Старый Франческо был хорошим психологом: камни читать труднее, чем лица. В новых своих посетителях он не видел настоящей любви к камню, — увлечения, страсти, азарта. Их глаза не загорались от хорошего бриллианта, их ладони не дрожали, держа сокровище сокровищ, тайну тайн — алмаз. Неохотно вел с ними дела Франческо и слыл среди них скрягой и сумасшедшим.

Но был среди них человек, которого и Франческо уважал — Филипп Прохин, сибиряк, утроивший за время войны свое и без того огромное состояние. Сутулый медведь на вид, грубый и удачливый в делах, он в душе презирал свою жизнь. Время от времени на него находила тоска. О его мрачных кутежах знала и Сибирь и обе столицы. Он часто захаживал к Франческо, и до глубокой ночи сидели два старика, беседуя о бриллиантах.

III

Вешние, зеленые сумерки затопили город.

Франческо был в мрачном настроении. Весна всегда его томила, северная, медлительная весна напоминала ему другую — итальянскую. Зеленые волны Арио звали его к себе. Часами он просиживал в полудреме, вспоминая Понте-Веккио и залитые солнцем набережные. Это было у него вроде весенней болезни.

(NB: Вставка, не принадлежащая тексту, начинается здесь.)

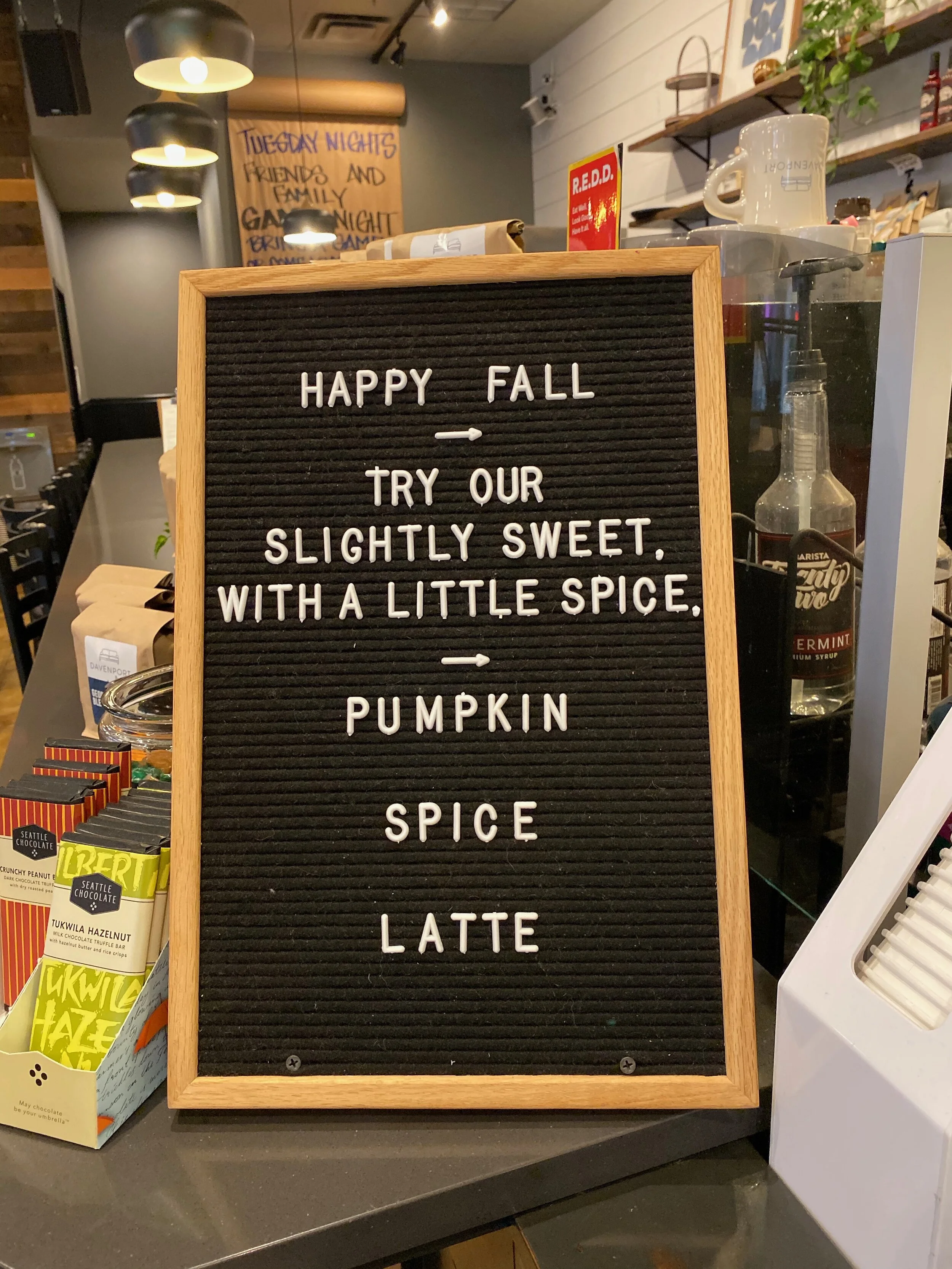 I took it upon myself to go around and try as many pumpkin spice lattes as I could. I’m looking for places that make their mix and not just using Torani syrup (not that there is anything wrong with that, but…). I’m looking for:

Так он сидел в кресле, когда вошел Прохин.

Старики поздоровались.

Прохин был тоже нахмурен.

— Мне нужен камень, — сказал он.

— Есть камни! — ответил Франческо.

— Мне нужен такой, каких нет, ни у кого нет.

— Не верите бумагам? Бриллиант надежней золота? Это верно! А на какую сумму?

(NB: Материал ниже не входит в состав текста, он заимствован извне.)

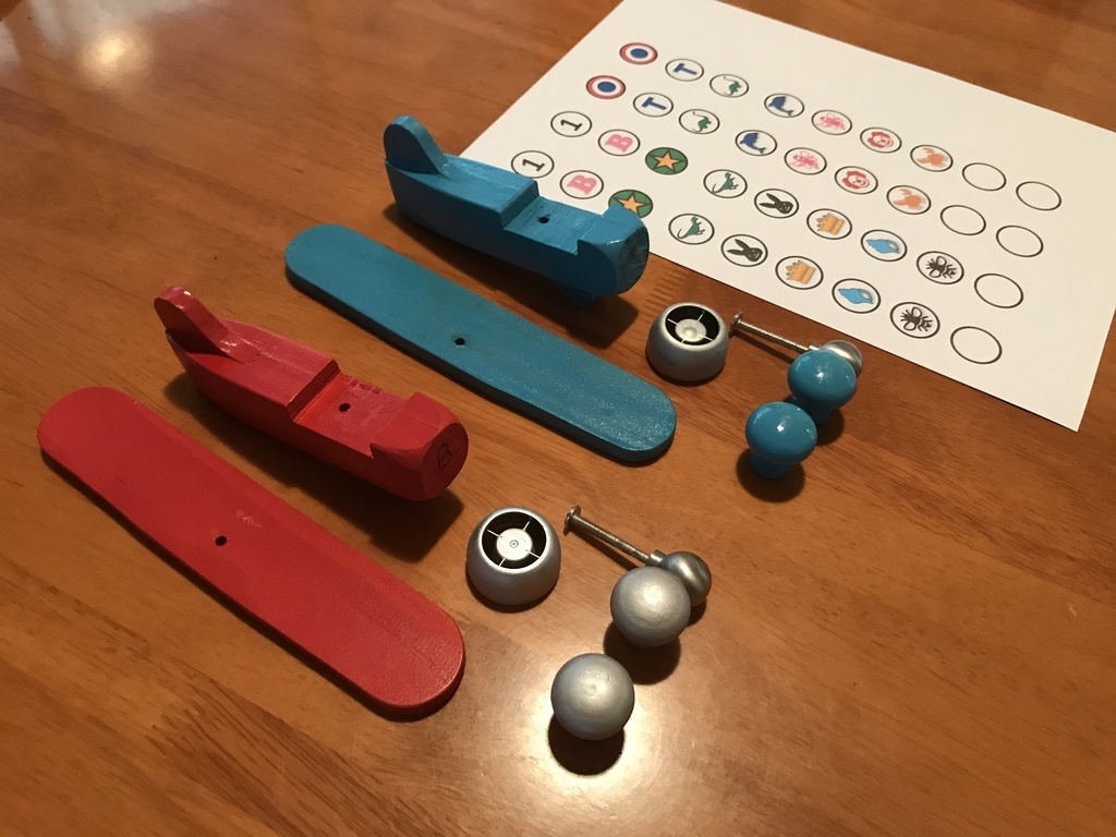 - un corps d'avion et une aile, découpés à la scie à chantourner et peints (trois épaisseurs de tasseau pour le corps) ;

— Не в том дело. Мне нужен камень для себя, для подарка.

— Женщина? — тихонько спросил ювелир.

— И какая женщина! Ах, Боже мой, Боже мой! Мало ли я их видал. И вот, как малый ребенок, ни бе, ни ме перед ней. Стою, смотрю и умираю.

— Весна! — мечтательно сказал ювелир. — Блондинка?

— Черная.

— Итальянцы сходят с ума по блондинкам. Мальчиком я был влюблен в одну англичанку…

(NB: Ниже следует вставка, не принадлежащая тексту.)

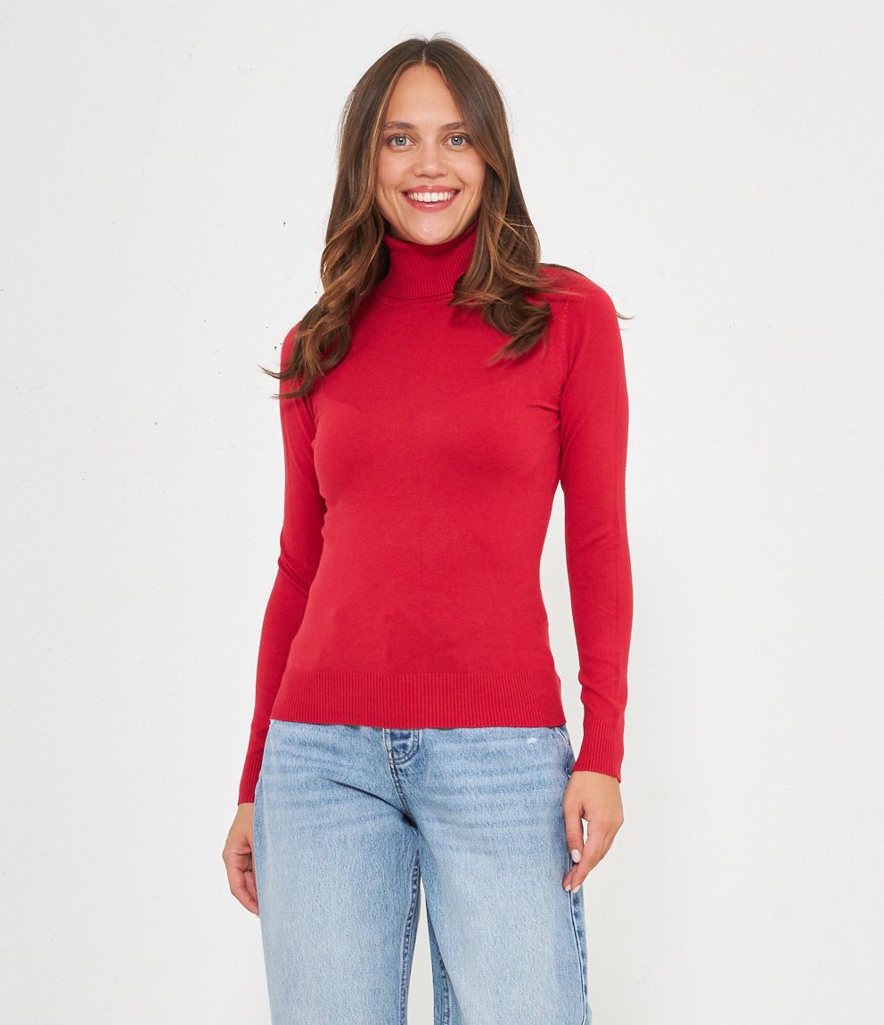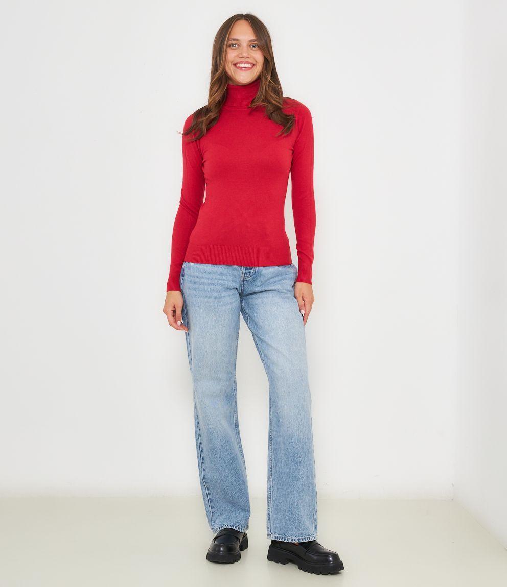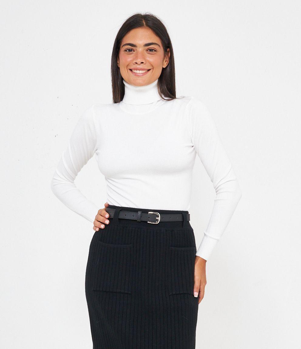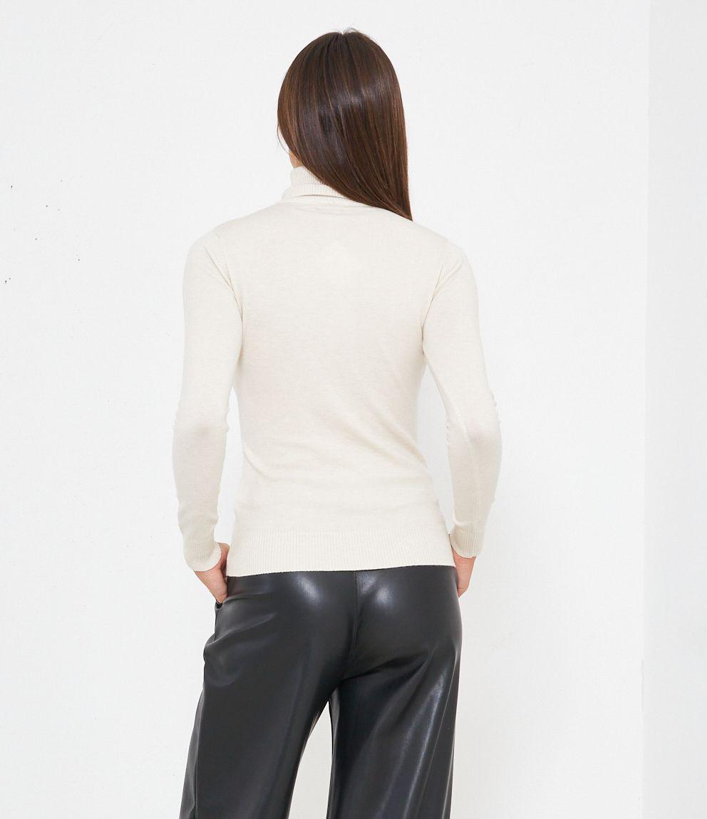 Maglia in viscosa a collo alto con risvolto, bordi a costine.

— А глаза светлые, как вода у нас в Сибири, в черных озерах. Жутко смотреть, броситься хочется!

— Англичанка каждый день приходила что-нибудь покупать…

— К черту англичанку! Есть камень или нет?

— Для женщины все найдем. На какую цену?

— До полумиллиона.

У итальянца пальцы стали сухими и жаркими. Он схватил карандаш и написал пять с пятью нулями.

— До пятисот тысяч? — ослабшим голосом спросил он. — Вы хотите отдать за камень пятьсот тысяч?

Они сели: ноги ослабели.

— А хоть бы и так! Жить не моту без нее. А в поклонниках у нее и министры, и депутаты, не считая князей. Только с камнем таким в руке и прошибешься к ней. Без него нельзя мне.